While progress is lagging in most places, three areas in particular – cement production, steel making and efforts to place a fee on carbon emissions – are stagnating, the report found. A further three – emissions from agriculture, the share of trips made by cars and the deforestation rate – are moving in the wrong direction.

“We need complete u-turns from these areas,” said Levin. “With climate change you can’t just head in the right direction, you need to do it at pace. Without that, we will reach disastrous tipping points.”

There is little optimism that countries will make the required commitments to salvage this situation at the Glasgow talks, known as Cop26, with Boris Johnson, the British prime minister, admitting it is “touch and go” whether the required action will be taken. John Kerry, who is Joe Biden’s climate envoy, has said there will likely be “gaps” in emissions-cutting plans put forward by governments.

Should the world breach 1.5C in global heating, the planet will be hit by an increasing frequency of deadly heatwaves, ruinous storms, disastrous flooding and crop failures, wiping trillions of dollars from economic activity and forcing the displacement of millions of people.

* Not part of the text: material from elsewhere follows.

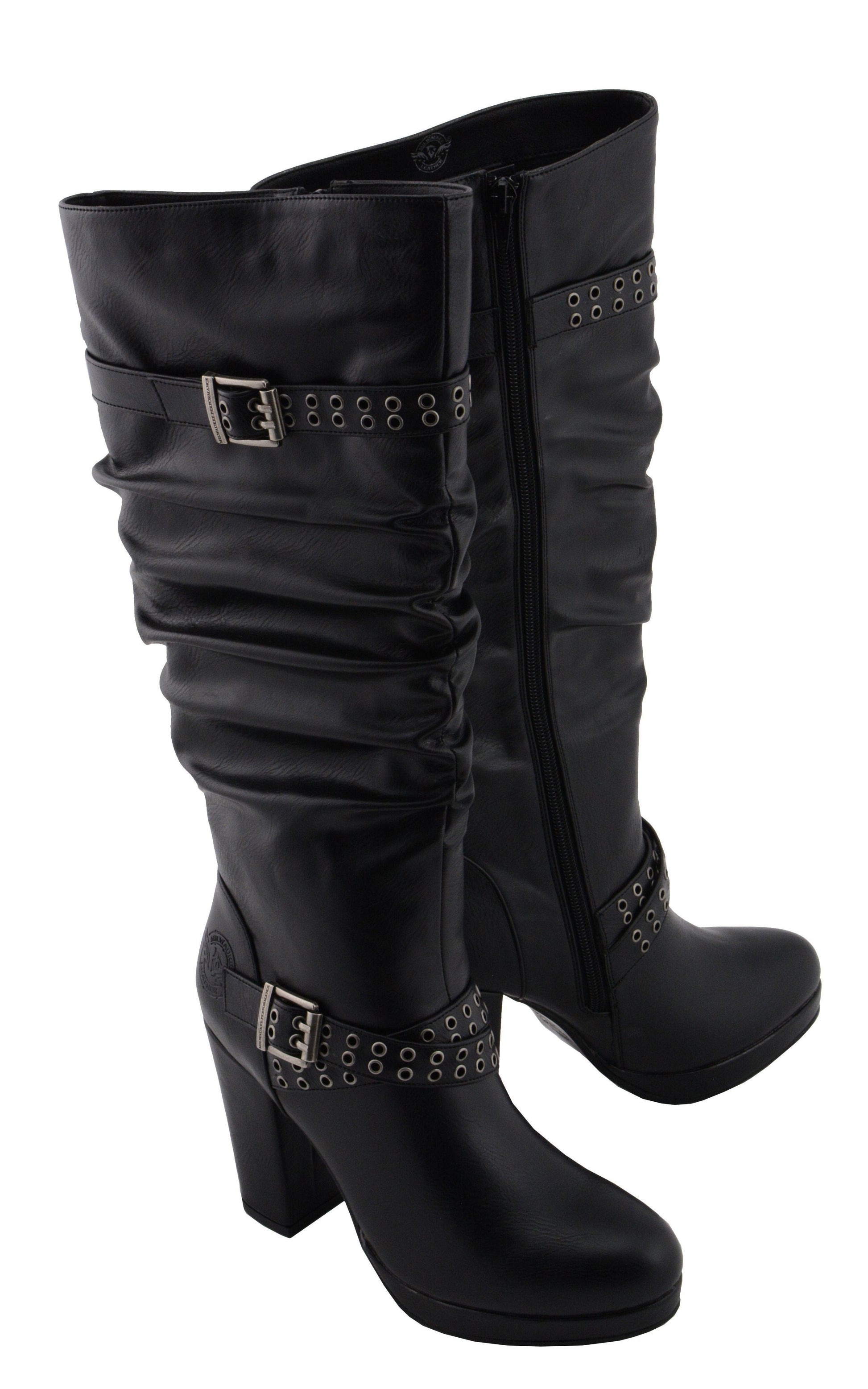Milwaukee Leather MBL9419 Women's Tall Premium Black Platform Fashion Casual Boots with Slouch Shaft

António Guterres, secretary general of the UN, has warned the world is risking a “hellish future” through its lack of urgency to confront the crisis.

“We have the technology for the majority of these areas to decarbonize,” said Bill Hare, chief executive of Climate Analytics, an organization that provided input to the new report. “What we need is political will, and for governments to catch up with the opportunity this transition will bring for their economies.”